Dalam dua tahun terakhir, Pekan Suci umat Katolik Flores, tidak diwarnai prosesi Semana Santa. Seperti tahun lalu, tahun ini pun suasana Kota Larantuka, Flores, NTT, menjelang perayaan Paskah terlihat tidak seperti biasa.
Tidak ada persiapan, hiasan, dan penyelenggaraan ritual perayaan Pekan Suci yang sudah berlangsung lebih dari lima abad. Kota di ujung timur Pulau Flores itu seperti benar-benar ikut berkabung dengan segenap penghuninya. Bersama Maria, perempuan berkabung (Mater Dolorosa), menyaksikan jalan salib Yesus.
Sejatinya, Semana Santa tidak hanya menjadi perhatian umat Flores yang beragama Katolik. Tidak juga sekadar menjadi daya tarik lokal. Patut diakui, pesona Semana Santa sudah dikenal di seantero Indonesia bahkan hingga ke mancanegara.
Tak heran, kala wabah Covid-19 belum menerjang dunia tanpa ampun, saban tahun puluhan ribu orang membanjiri acara Semana Santa.
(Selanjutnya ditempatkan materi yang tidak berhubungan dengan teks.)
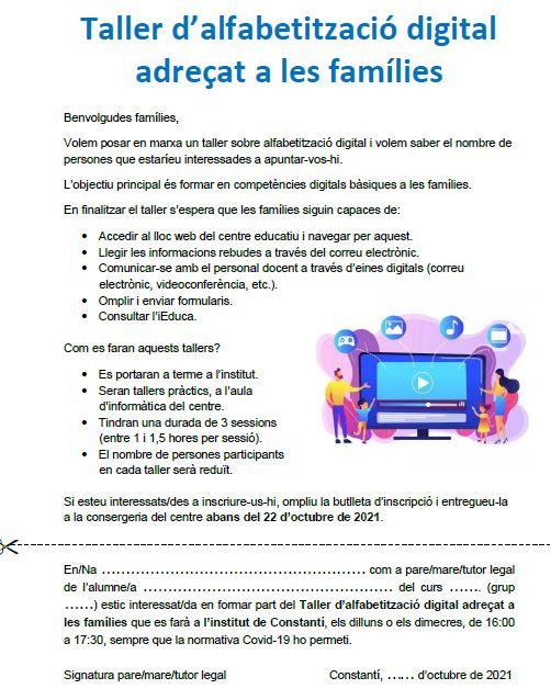 Si esteu interessats, podeu baixar-vos el document (aquí) i lliurar-lo a la consergeria del centre. En cas que no el pugueu imprimir, podeu passar per l’institut i us el facilitarem.

Kota yang berada di kaki Gunung (Ile/Ili dalam bahasa setempat) Mandiri itu berubah ramai. Dengan luas 75,9 km persegi, salah satu kota di pulau yang disebut Nusa Bunga itu, seperti tak cukup menangkup lautan peziarah. Mereka itu datang dari mana-mana.
Panitia, pemerintah setempat, hingga pemilik penginapan, selalu kewalahan untuk mengakomodasi para pengunjung yang datang sendiri-sendiri atau berkelompok.
Tidak sedikit dari antara mereka yang memutuskan akan datang, memilih untuk mempersiapkan diri lebih awal. Tidak hanya datang lebih cepat. Mereka juga memesan kamar sejak beberapa bulan sebelumnya.
Bila sampai telat memesan, maka tidak hanya kewalahan mendapatkan tempat untuk merebahkan diri di sekitar tempat prosesi. Sulitnya mendapat jadwal penerbangan langsung ke Larantuka memaksa pengunjung harus mencari rute penerbangan lain ke Flores.
Rangkaian panjang
Prosesi Semana Santa adalah ritual yang sudah bertahan sejak lebih dari 500 tahun lalu, tepatnya sejak patung Tuan Ma ditemukan sekitar tahun 1510 di Pantai Larantuka.